By the way Elvis, that Netflix show you mentioned, Castlevania... I waited a long while for season 2 to start.. amazing show that.. just amazing!!!
i'm watching, it's a biiiiiiiiiiit slooooooooooooooow. I rank it, eh ok i guess. You mean "High Score" right? Actually fuck it, i just turned it off in episode 3 the narrator says "games used to come on floppy disks" I am not the target audience.
turns out the beeb has a great repository of early computing videos like this GEM makes Windows look like trash one. https://www.bbc.co.uk/archive/micro_Live_Windows_gem/zm6mjhv and this review of the A1000 https://www.bbc.co.uk/archive/commodore-amiga/zmg6wty
If that sort of stuff tickles your fancy, tune in to the Old Timey Computer Show: https://www.twitch.tv/oldtimeycomputershow Random content, but there's a lot of British and US stuff from a pre-x86 era concentrating on home and business computing that pops up regularly; in amongst things like "Bad Influence", which was a popular Brit show about video games.
I have been watching this since the first few weeks when it started. It's been good to have on another screen while doing other stuff. There is a lot more constant viewers now, I remember for the first year there was always less than 10 people and no chat.
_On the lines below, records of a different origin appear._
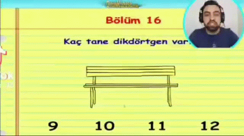 Ümidi reacts to a brain teaser: 'How many rectangles are there?' featuring a bench drawing and answer choices.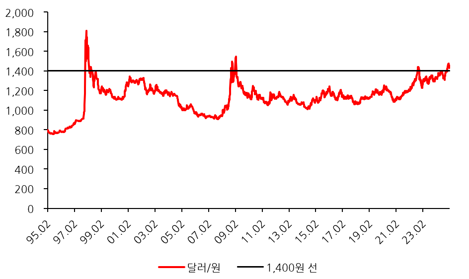 1995년부터 지금까지의 달러/원 추이를 그려보았다. 검은색 선은 1,400원으로 약 20년 간 1,400원을 넘었을 때는 1) IMF, 2) 서브프라임 모기지, 3) 코로나19, 그리고 현재다. 1) ~ 3) 구간은 모두가 아는 전 세계적으로 위기가 있던 구간이다. 그런 상황에서 대표적인 안전자산인 달러가 오르는 것은 당연한 일이다. 대부분의 경제는 수요와 공급의 법칙에 따라 가격이 형성되고, 위기의 상황에서는 안전자산인 달러의 수요가 늘어난다. 그렇다면 지금은 앞서 말한 전 세계적으로 위기가 있던 구간인가? 그렇다기에는 너무나 평화롭다. 최근 달러/원 환율이 오르게 된 큰 배경으로는 1) 트럼프 대통령의 당선과 2) 비상계엄 사태가 있었다.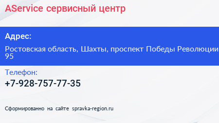 AService, сервисный центр по адресу Ростовская область, Шахты, проспект Победы Революции, 95 в дальнейшем Организация, размещена в следующих категориях: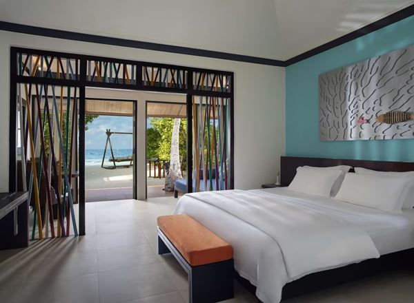 Plaj kenarında bulunan beachfront villa’larının (sahil villaları) açık havada geniş bir verandası, salıncağı ve yemek odası vardır. Odalarda klima, ücretsiz wifi, IPTV, saç kurutma makinesi, bornoz, açık hava duşu, çay /kahve yapma teçhizatı, minibar ve kasa bulunur. Plaja doğrudan açılan bu villalar otelin mercanlarına da yakındır. Villalarda king size 2 kişilik yatak bulunur ve 2 ilave yatak daha konulabilir.

Now there is a bit of chat and it is all positive. Sometimes people tell their stories/memories or have extra info that expand on the subject which gives a real insight on things.
I had no idea something like this existed, a classic novelty device as you could just use an rca-stereo or headphone output to your line in/mic on your soundcard. Pretty cool none the less. BUT! He was also able to capture game tape files, that is actually really cool as well.
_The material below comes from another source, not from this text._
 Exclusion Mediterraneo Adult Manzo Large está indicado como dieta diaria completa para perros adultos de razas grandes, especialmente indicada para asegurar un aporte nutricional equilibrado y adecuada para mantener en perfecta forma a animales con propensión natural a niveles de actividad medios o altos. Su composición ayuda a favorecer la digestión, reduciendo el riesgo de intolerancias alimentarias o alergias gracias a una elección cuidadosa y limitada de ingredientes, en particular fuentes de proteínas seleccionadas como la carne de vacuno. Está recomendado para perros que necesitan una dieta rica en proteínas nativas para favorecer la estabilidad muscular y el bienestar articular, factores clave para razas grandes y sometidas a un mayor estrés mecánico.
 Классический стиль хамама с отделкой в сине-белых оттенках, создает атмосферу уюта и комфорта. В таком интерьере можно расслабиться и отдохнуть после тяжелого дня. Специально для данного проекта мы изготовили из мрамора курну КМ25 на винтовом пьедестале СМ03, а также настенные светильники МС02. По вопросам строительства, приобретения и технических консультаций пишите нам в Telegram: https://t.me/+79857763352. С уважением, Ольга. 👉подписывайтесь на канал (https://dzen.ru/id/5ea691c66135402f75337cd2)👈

coolermaster especially used to make so much SHITE to jam into a 5.25" bay it'd make your head spin, and it all belonged directly in the bin.
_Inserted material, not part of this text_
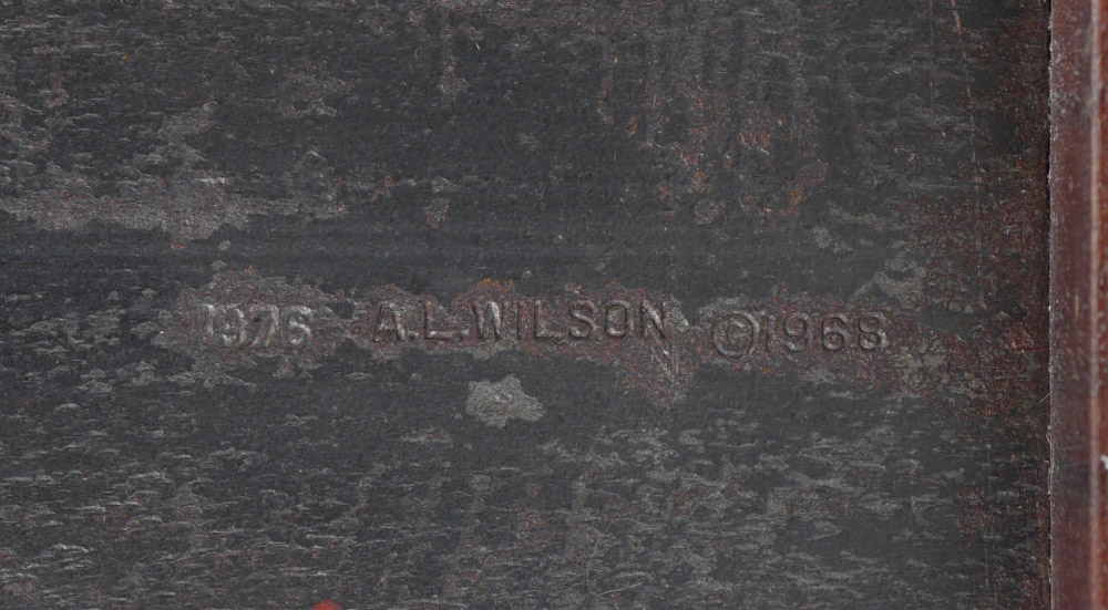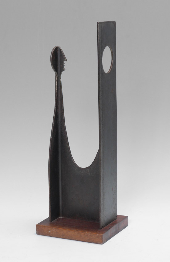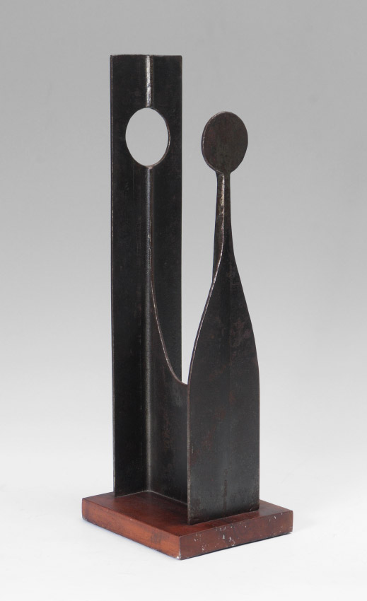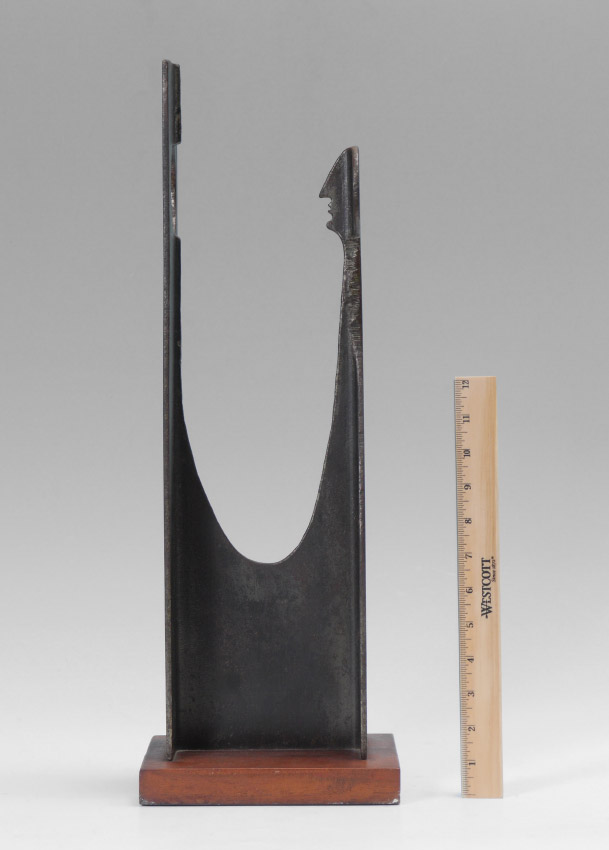 WILSON, Albert Leon, (American, 20th C.): Untitled Abstract Welded Metal Sculpture, 20'' h. x 5 1/2'' w. x 4'' d, stamped signature and dated 1976, affixed to wood plinth, 21 1/2'' overall.

I watched From Bedrooms to Billions : The PlayStation Revolution over the course of a couple of nights. Really enjoyed the interviews throughout, however, the captures looked like they were from emulation and not really representative of the real deal. Eg, Resolution looked higher, massive lack of dithering on the ps1,etc. While we all know what real ps1 hardware looks like, younger people watching the docco, and potentially future generations would be given a false impression of what it was like. edit: don't get me wrong, the captures were MUCH better then the potato captures on the "high score" series on Netflix.
I have similar gripes with sites that use emulation for captures and don't fix the aspect ratio. For example, Capcom CPS2 pixel resoltion was 384x224 which comes out to around 16:9 in square pixels, but was designed for an analogue monitor and stretched back to 4:3. This gave the impression of much more detailed work. Similarly the SNES has a resolution of 256x224 (8:7 in square pixels), but again was stretched out to 4:3 on a modern TV. You can see this clearly when captures show circles that aren't round, as artists would do their capture work on special grid paper to help them get the ratios correct when drawing it back out to computer art. And of course that's just the start of it, when CRTs did all sorts of blurring and blending of colours and effects that folks never see through emulators, or audio systems that had complex analogue filtering that nobody hears today. So much of the stuff in and around the video games are lost because of how poorly popular media captures them.
Much love for a bloke who is clearly an outer space higher intelligence coming to earth to explain crazy complex things in such an easy-to-understand way. Also, yay Aussie.